Unique clique residues for the active ligand bound forms of LuxS. The unique clique forming residues in (a) LuxS+KRI w.r.t LuxS+SRH, and (b) LuxS+2KRI w.r.t LuxS+2SRH. The two subunits are given in transparent new cartoon representations and are coloured differently. The unique residues are represented as orange van der Waals spheres and the ones which are near the active sites are depicted as violet van der Waals spheres. It is evident that a larger number of unique clique forming residues are near the active sites of LuxS+2KRI.

Figure 6

Comparison between the hub residues in LuxS_apo-LuxS+2KRI. The central Venn diagram depicts the five systems (LuxS_apo-LuxS+2KRI) as A-E respectively and the different regions are coloured differently.
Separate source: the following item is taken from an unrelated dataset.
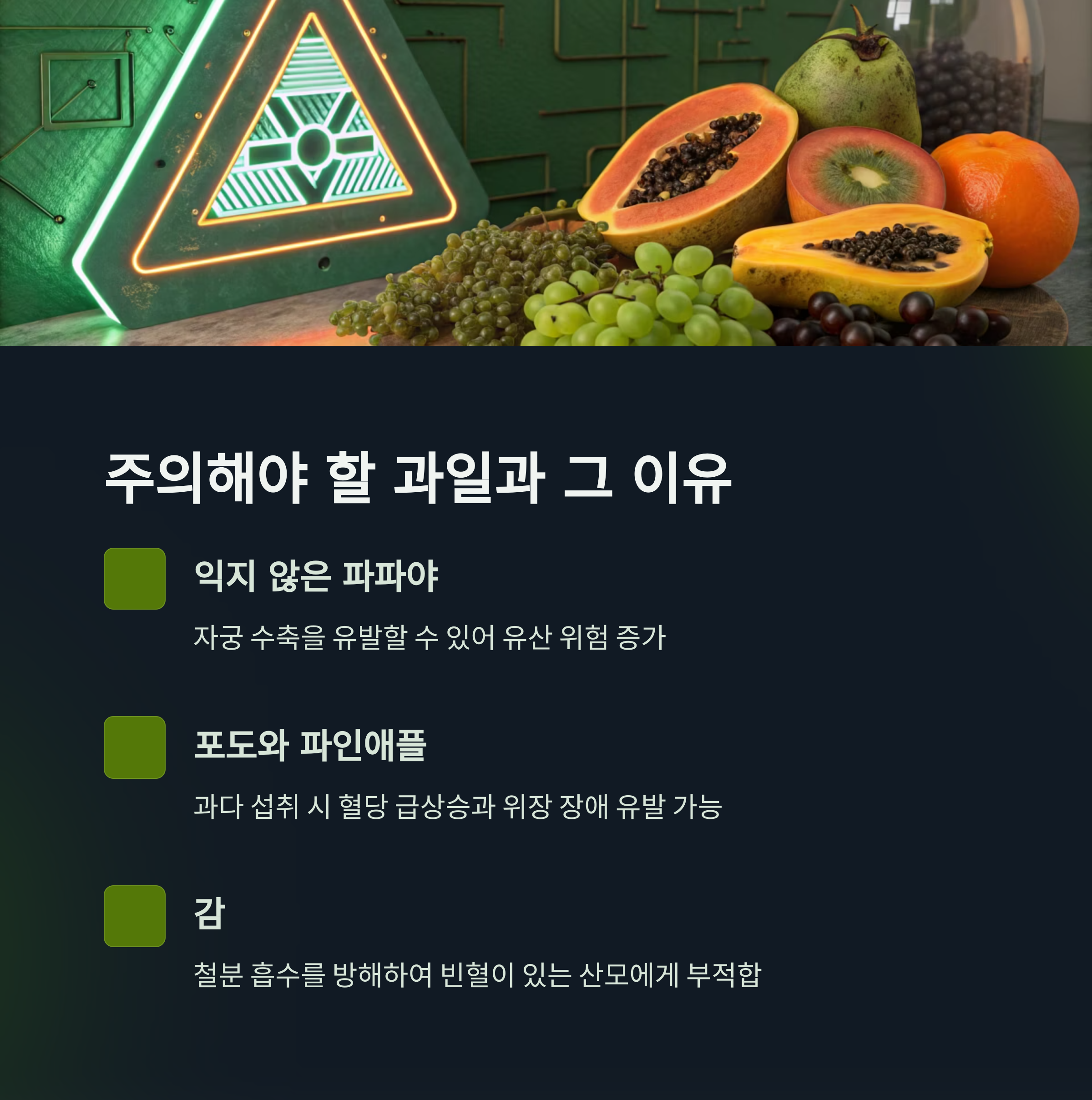 익지 않은 파파야는 자궁 수축을 유발할 수 있고, 포도나 파인애플을 과다 섭취하면 혈당이 급격히 오르거나 위장 장애를 유발할 수 있습니다.

The common regions between LuxS_apo-LuxS+2KRI, LuxS+SRH-LuxS+KRI, and LuxS+2SRH-LuxS+2KRI are coloured deep blue, grey and cyan respectively. The regions which are exclusive to each of LuxS_apo-LuxS+2KRI are highlighted as brown, deep green, yellow, violet, and pink respectively. Three dimensional representations of such comparisons are also given with the two subunits depicted as new cartoon and coloured differently. The common and exclusive hub residues are represented as van der Waals spheres and colour-coded according to the Venn diagram.

Figure 7

Helmholtz free energy contour map and population distribution profile. The Helmholtz free energy contour map for each of the five simulations (on LuxS_apo-LuxS+2KRI, 10 ns each) and the corresponding population distribution in the 'essential plane' are given in inset.

Figure 8

Reversible first step in the reaction between SRH and LuxS. Reversible exchange of the water molecule occupying the fourth coordination site of Zn²⁺ with the carbonyl group formed upon rearrangement of S-ribosylhomocysteine.